I receive good medical care at San Francisco General Hospital's Ward 86, and I receive excellent psychiatric and therapy services at UCSF AIDS Health Project (AHP). My problem is isolation. I identify as a positive person, and I am only really comfortable around positive people, but I can not stomach the segregation of HIV/AIDS social support services in San Francisco. I feel fragmented by the targeted fragmentation of the HIV/AIDS community. I appreciate women's services but I personally have never wanted them and won't go to them. And I understand, but am sick of the array of support service descriptions that apply specifically and perfectly to my feelings and situations, that are reserved for men. [Supposedly for gay and "bisexual" men--It's not that I don't believe that there could be such a thing as a bisexual man; It's just that if services really were designed in part for them, wouldn't there be some--not as many, but some, or at least one--service for their relationships with women? And I say "services for men" rather than "services for gay and bisexual men" even though that's what they say, because if I were a straight man I would go to what applied to me anyway. I would be able to "pass."]

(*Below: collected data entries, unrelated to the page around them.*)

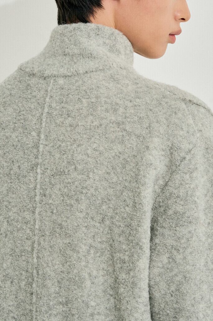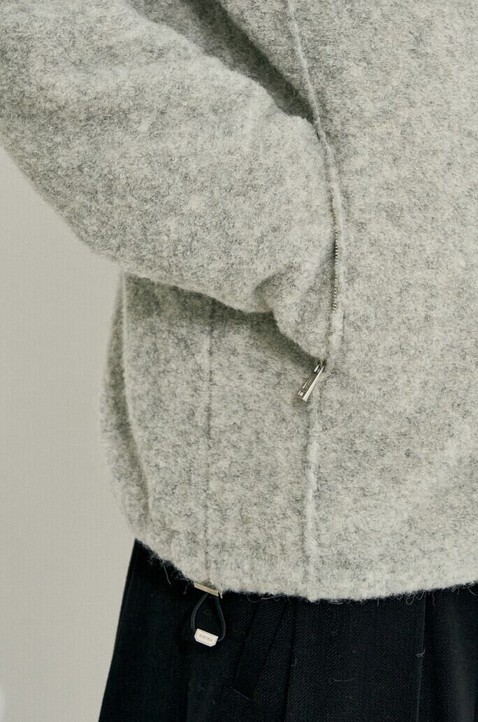 ヘアリーなテクスチャーとふんわりとしたタッチ感が引き立つアルパカとウール、スパンの混紡素材を使用してF/Wシーズンムードと共に楽な着心地を伝えてくれるトップです。 前面にハーフジップアップスタイルとボタンタップデザインで繊細に完成し、両サイドにファスナーポケットで実用性を高めました。 裾内部の両側に加えられたドローストリングでシルエットの調節が容易です。
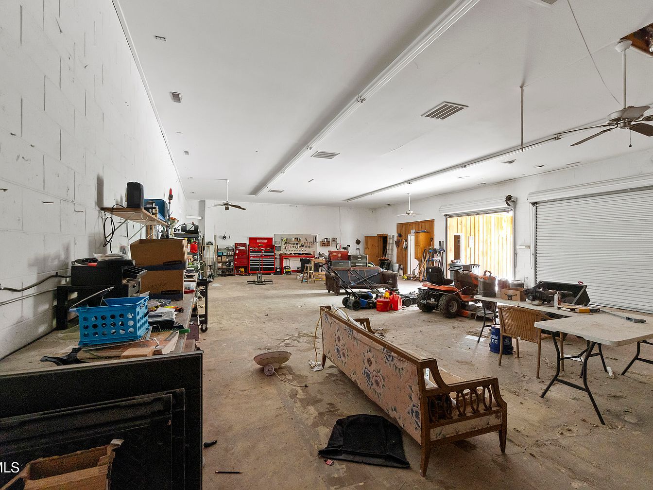 This expansive workshop showcases a large open floor plan with concrete floors and white painted cinder block walls that impart an industrial, utilitarian feel. The high ceiling is equipped with long fluorescent light fixtures and ceiling fans, providing ample illumination and ventilation for active workspace needs. Various workbenches and tool storage units are neatly arranged along the far wall, including prominent red tool chests and shelving units filled with equipment. Mixed-use furniture such as an upholstered vintage couch and folding tables indicate a multifunctional area where work meets casual comfort. The presence of lawn equipment and garage roll-up doors suggests easy accessibility for outdoor maintenance tasks.
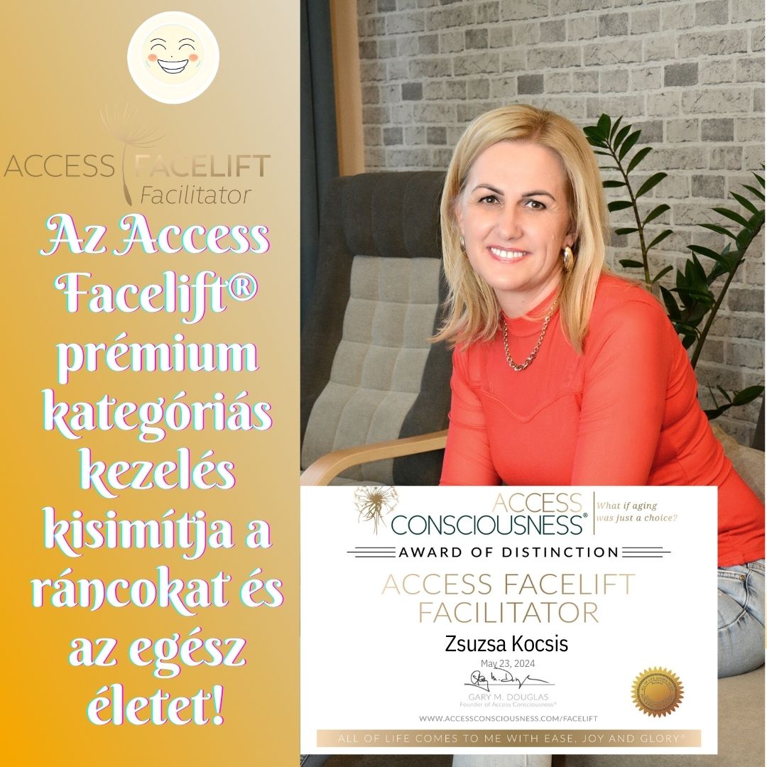 Az Access Facelift testkezelés az Access testkezelések közül a Prémium kategóriába tartozik. Nem véletlenül, hiszen több, mint 30 féle energia fut a kezelések alkalmában. A dekoltázst és az arcot kezeljük, de az egész testen is futtatható. A Facelift testkezelés tanfolyamon mindkét módszert megtanulják a résztvevők. Ez a varázslatos testkezelés kisimítja a ráncokat, hiszen lenyugtatja az elmét, az idegrendszert, és az egész testre nyugtató hatással bír. Egy varázslatos energia, melyet ha megtapasztalunk, csak kérni tudunk belőle. A tanfolyamon részt vevők hivatalos Access Facelift kezelővé válnak, ezt követően már ŐK is tudják ezt a csodálatos testkezelést terjeszteni a világban és segíteni az embereket a nyugodt, boldog élet megélésében. Ha invitál a tanfolyam szeretettel várlak.

I need some small kind of diverse collection of HIV positive people somewhere. (Diverse people, not diverse women, not diverse gay people. People.) I'm not trying to find and pick up some positive straight guy (although that would be nice too, in some kind of circumstance appropriate for that whatever that would be.) I just need to feel like a human being, albeit a positive one, with all my different kinds of relationships aware of each other, in one room. "Living Now" is open to all kinds of positive people.
I answered in some way to that whole effect when Andrew asked what I hoped to get out of the program and services at Black Coalition on AIDS. And when at the end he did ask if I had any questions, I said, "Yes--Black positive people are under-served, and this is the only agency serving the needs of African Americans specifically, so why am I welcome here at all?"
He said the programs he runs are open to all positive people. He said that the Black Coalition on AIDS (BCA) was created to serve the needs of black people with HIV/AIDS who were not being served. But once BCA was established, they did not feel it was right to exclude someone in need on the basis of gender or sexual orientation, or color.
They do have programs and services there specifically for people of color. And I have no doubt that the needs of positive people of color are still under-served. And I am aware of my own feeling that I am trespassing. But Andrew's answer--I have waited for that for years. Just that anyone would think this way is healing.